▶ _Exercise brief_
Provide the data again in its entirety, exactly as given.

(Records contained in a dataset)
----------------
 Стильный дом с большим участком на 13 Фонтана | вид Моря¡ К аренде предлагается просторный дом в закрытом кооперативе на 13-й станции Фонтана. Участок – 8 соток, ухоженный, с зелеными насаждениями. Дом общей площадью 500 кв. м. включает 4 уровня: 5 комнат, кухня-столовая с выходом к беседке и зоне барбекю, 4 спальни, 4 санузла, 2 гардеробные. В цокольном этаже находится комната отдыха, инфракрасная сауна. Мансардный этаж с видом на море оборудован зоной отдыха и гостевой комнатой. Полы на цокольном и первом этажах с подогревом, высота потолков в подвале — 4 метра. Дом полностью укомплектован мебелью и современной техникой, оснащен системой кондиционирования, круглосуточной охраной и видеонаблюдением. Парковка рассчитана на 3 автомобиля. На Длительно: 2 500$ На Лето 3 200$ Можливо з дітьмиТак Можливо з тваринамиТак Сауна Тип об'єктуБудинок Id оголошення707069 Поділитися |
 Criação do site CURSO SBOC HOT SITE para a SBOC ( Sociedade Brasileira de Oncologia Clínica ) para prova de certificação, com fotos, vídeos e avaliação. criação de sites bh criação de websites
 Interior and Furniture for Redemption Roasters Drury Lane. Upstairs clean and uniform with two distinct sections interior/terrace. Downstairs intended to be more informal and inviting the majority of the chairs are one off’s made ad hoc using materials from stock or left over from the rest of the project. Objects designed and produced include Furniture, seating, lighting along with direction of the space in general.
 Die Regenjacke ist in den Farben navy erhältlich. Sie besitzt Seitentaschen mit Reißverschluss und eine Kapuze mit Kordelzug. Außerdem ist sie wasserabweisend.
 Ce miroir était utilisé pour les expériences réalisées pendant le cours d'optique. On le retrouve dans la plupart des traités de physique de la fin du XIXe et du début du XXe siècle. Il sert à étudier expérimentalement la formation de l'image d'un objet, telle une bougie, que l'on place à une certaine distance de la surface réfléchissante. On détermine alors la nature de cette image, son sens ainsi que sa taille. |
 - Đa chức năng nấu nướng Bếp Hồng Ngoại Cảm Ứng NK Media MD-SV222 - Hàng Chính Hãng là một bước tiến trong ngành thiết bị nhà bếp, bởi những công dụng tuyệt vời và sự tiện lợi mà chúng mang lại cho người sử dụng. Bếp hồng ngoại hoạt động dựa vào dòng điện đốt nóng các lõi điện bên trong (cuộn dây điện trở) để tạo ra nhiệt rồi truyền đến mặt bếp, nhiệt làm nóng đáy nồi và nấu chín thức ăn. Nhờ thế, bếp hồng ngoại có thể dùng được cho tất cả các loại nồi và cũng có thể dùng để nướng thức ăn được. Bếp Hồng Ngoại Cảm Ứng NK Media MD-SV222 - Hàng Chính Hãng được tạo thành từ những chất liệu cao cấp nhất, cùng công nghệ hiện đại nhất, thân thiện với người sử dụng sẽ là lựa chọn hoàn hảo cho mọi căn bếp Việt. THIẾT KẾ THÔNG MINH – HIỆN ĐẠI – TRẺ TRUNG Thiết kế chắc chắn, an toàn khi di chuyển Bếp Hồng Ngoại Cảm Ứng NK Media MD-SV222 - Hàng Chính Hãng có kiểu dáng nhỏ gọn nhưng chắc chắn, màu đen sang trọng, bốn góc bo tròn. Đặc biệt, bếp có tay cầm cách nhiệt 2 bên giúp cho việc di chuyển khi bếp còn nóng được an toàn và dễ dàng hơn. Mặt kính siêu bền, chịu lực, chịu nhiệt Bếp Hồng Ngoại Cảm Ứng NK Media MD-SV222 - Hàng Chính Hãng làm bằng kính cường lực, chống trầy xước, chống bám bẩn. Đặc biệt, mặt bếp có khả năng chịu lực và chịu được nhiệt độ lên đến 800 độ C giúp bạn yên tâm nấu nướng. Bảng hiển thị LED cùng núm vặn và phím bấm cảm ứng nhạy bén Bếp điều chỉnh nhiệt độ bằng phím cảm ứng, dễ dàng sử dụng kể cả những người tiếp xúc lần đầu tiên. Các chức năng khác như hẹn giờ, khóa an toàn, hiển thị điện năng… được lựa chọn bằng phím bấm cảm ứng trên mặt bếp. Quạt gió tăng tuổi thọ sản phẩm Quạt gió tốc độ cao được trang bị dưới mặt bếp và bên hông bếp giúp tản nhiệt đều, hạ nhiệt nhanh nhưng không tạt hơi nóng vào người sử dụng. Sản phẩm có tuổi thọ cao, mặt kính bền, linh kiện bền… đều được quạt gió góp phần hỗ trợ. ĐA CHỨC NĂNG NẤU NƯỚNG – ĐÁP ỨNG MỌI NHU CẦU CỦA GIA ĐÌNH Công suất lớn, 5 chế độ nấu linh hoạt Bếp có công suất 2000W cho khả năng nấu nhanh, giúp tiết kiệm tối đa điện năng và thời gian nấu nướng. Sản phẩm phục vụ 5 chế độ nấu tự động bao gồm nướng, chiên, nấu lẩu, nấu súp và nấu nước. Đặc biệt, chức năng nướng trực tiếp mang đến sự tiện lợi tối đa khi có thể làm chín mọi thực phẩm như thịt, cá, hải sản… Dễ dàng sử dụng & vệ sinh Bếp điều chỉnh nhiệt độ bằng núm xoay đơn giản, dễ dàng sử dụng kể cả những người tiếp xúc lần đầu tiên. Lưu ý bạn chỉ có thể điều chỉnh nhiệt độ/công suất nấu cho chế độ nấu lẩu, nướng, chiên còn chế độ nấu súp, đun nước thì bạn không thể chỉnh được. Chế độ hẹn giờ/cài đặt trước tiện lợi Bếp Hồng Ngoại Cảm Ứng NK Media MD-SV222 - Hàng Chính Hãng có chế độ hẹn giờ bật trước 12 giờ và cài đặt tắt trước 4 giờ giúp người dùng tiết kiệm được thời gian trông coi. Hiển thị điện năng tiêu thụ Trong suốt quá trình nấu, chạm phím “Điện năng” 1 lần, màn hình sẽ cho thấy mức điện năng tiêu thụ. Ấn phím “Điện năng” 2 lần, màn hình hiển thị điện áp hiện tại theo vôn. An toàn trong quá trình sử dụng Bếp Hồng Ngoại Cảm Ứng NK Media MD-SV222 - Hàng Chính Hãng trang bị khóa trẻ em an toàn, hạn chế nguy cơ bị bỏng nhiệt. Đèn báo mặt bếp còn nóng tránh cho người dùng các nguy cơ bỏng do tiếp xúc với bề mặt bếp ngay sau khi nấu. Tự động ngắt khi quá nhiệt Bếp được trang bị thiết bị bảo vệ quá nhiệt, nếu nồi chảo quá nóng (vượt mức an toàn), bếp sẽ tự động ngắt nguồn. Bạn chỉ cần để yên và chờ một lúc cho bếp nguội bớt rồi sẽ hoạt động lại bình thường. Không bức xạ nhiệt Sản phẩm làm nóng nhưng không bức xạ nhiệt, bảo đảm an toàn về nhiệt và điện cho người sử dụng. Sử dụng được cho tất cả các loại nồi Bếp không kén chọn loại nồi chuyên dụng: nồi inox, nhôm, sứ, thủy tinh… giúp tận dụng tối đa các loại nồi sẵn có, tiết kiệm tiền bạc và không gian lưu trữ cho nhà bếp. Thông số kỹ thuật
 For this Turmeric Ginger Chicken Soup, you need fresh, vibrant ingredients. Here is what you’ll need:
----------------
▶ _Output of the exercise_
 Стильный дом с большим участком на 13 Фонтана | вид Моря¡ К аренде предлагается просторный дом в закрытом кооперативе на 13-й станции Фонтана. Участок – 8 соток, ухоженный, с зелеными насаждениями. Дом общей площадью 500 кв. м. включает 4 уровня: 5 комнат, кухня-столовая с выходом к беседке и зоне барбекю, 4 спальни, 4 санузла, 2 гардеробные. В цокольном этаже находится комната отдыха, инфракрасная сауна. Мансардный этаж с видом на море оборудован зоной отдыха и гостевой комнатой. Полы на цокольном и первом этажах с подогревом, высота потолков в подвале — 4 метра. Дом полностью укомплектован мебелью и современной техникой, оснащен системой кондиционирования, круглосуточной охраной и видеонаблюдением. Парковка рассчитана на 3 автомобиля. На Длительно: 2 500$ На Лето 3 200$ Можливо з дітьмиТак Можливо з тваринамиТак Сауна Тип об'єктуБудинок Id оголошення707069 Поділитися |
 Criação do site CURSO SBOC HOT SITE para a SBOC ( Sociedade Brasileira de Oncologia Clínica ) para prova de certificação, com fotos, vídeos e avaliação. criação de sites bh criação de websites
 Interior and Furniture for Redemption Roasters Drury Lane. Upstairs clean and uniform with two distinct sections interior/terrace. Downstairs intended to be more informal and inviting the majority of the chairs are one off’s made ad hoc using materials from stock or left over from the rest of the project. Objects designed and produced include Furniture, seating, lighting along with direction of the space in general.
 Die Regenjacke ist in den Farben navy erhältlich. Sie besitzt Seitentaschen mit Reißverschluss und eine Kapuze mit Kordelzug. Außerdem ist sie wasserabweisend.
 Ce miroir était utilisé pour les expériences réalisées pendant le cours d'optique. On le retrouve dans la plupart des traités de physique de la fin du XIXe et du début du XXe siècle. Il sert à étudier expérimentalement la formation de l'image d'un objet, telle une bougie, que l'on place à une certaine distance de la surface réfléchissante. On détermine alors la nature de cette image, son sens ainsi que sa taille. |
 - Đa chức năng nấu nướng Bếp Hồng Ngoại Cảm Ứng NK Media MD-SV222 - Hàng Chính Hãng là một bước tiến trong ngành thiết bị nhà bếp, bởi những công dụng tuyệt vời và sự tiện lợi mà chúng mang lại cho người sử dụng. Bếp hồng ngoại hoạt động dựa vào dòng điện đốt nóng các lõi điện bên trong (cuộn dây điện trở) để tạo ra nhiệt rồi truyền đến mặt bếp, nhiệt làm nóng đáy nồi và nấu chín thức ăn. Nhờ thế, bếp hồng ngoại có thể dùng được cho tất cả các loại nồi và cũng có thể dùng để nướng thức ăn được. Bếp Hồng Ngoại Cảm Ứng NK Media MD-SV222 - Hàng Chính Hãng được tạo thành từ những chất liệu cao cấp nhất, cùng công nghệ hiện đại nhất, thân thiện với người sử dụng sẽ là lựa chọn hoàn hảo cho mọi căn bếp Việt. THIẾT KẾ THÔNG MINH – HIỆN ĐẠI – TRẺ TRUNG Thiết kế chắc chắn, an toàn khi di chuyển Bếp Hồng Ngoại Cảm Ứng NK Media MD-SV222 - Hàng Chính Hãng có kiểu dáng nhỏ gọn nhưng chắc chắn, màu đen sang trọng, bốn góc bo tròn. Đặc biệt, bếp có tay cầm cách nhiệt 2 bên giúp cho việc di chuyển khi bếp còn nóng được an toàn và dễ dàng hơn. Mặt kính siêu bền, chịu lực, chịu nhiệt Bếp Hồng Ngoại Cảm Ứng NK Media MD-SV222 - Hàng Chính Hãng làm bằng kính cường lực, chống trầy xước, chống bám bẩn. Đặc biệt, mặt bếp có khả năng chịu lực và chịu được nhiệt độ lên đến 800 độ C giúp bạn yên tâm nấu nướng. Bảng hiển thị LED cùng núm vặn và phím bấm cảm ứng nhạy bén Bếp điều chỉnh nhiệt độ bằng phím cảm ứng, dễ dàng sử dụng kể cả những người tiếp xúc lần đầu tiên. Các chức năng khác như hẹn giờ, khóa an toàn, hiển thị điện năng… được lựa chọn bằng phím bấm cảm ứng trên mặt bếp. Quạt gió tăng tuổi thọ sản phẩm Quạt gió tốc độ cao được trang bị dưới mặt bếp và bên hông bếp giúp tản nhiệt đều, hạ nhiệt nhanh nhưng không tạt hơi nóng vào người sử dụng. Sản phẩm có tuổi thọ cao, mặt kính bền, linh kiện bền… đều được quạt gió góp phần hỗ trợ. ĐA CHỨC NĂNG NẤU NƯỚNG – ĐÁP ỨNG MỌI NHU CẦU CỦA GIA ĐÌNH Công suất lớn, 5 chế độ nấu linh hoạt Bếp có công suất 2000W cho khả năng nấu nhanh, giúp tiết kiệm tối đa điện năng và thời gian nấu nướng. Sản phẩm phục vụ 5 chế độ nấu tự động bao gồm nướng, chiên, nấu lẩu, nấu súp và nấu nước. Đặc biệt, chức năng nướng trực tiếp mang đến sự tiện lợi tối đa khi có thể làm chín mọi thực phẩm như thịt, cá, hải sản… Dễ dàng sử dụng & vệ sinh Bếp điều chỉnh nhiệt độ bằng núm xoay đơn giản, dễ dàng sử dụng kể cả những người tiếp xúc lần đầu tiên. Lưu ý bạn chỉ có thể điều chỉnh nhiệt độ/công suất nấu cho chế độ nấu lẩu, nướng, chiên còn chế độ nấu súp, đun nước thì bạn không thể chỉnh được. Chế độ hẹn giờ/cài đặt trước tiện lợi Bếp Hồng Ngoại Cảm Ứng NK Media MD-SV222 - Hàng Chính Hãng có chế độ hẹn giờ bật trước 12 giờ và cài đặt tắt trước 4 giờ giúp người dùng tiết kiệm được thời gian trông coi. Hiển thị điện năng tiêu thụ Trong suốt quá trình nấu, chạm phím “Điện năng” 1 lần, màn hình sẽ cho thấy mức điện năng tiêu thụ. Ấn phím “Điện năng” 2 lần, màn hình hiển thị điện áp hiện tại theo vôn. An toàn trong quá trình sử dụng Bếp Hồng Ngoại Cảm Ứng NK Media MD-SV222 - Hàng Chính Hãng trang bị khóa trẻ em an toàn, hạn chế nguy cơ bị bỏng nhiệt. Đèn báo mặt bếp còn nóng tránh cho người dùng các nguy cơ bỏng do tiếp xúc với bề mặt bếp ngay sau khi nấu. Tự động ngắt khi quá nhiệt Bếp được trang bị thiết bị bảo vệ quá nhiệt, nếu nồi chảo quá nóng (vượt mức an toàn), bếp sẽ tự động ngắt nguồn. Bạn chỉ cần để yên và chờ một lúc cho bếp nguội bớt rồi sẽ hoạt động lại bình thường. Không bức xạ nhiệt Sản phẩm làm nóng nhưng không bức xạ nhiệt, bảo đảm an toàn về nhiệt và điện cho người sử dụng. Sử dụng được cho tất cả các loại nồi Bếp không kén chọn loại nồi chuyên dụng: nồi inox, nhôm, sứ, thủy tinh… giúp tận dụng tối đa các loại nồi sẵn có, tiết kiệm tiền bạc và không gian lưu trữ cho nhà bếp. Thông số kỹ thuật
 For this Turmeric Ginger Chicken Soup, you need fresh, vibrant ingredients. Here is what you’ll need:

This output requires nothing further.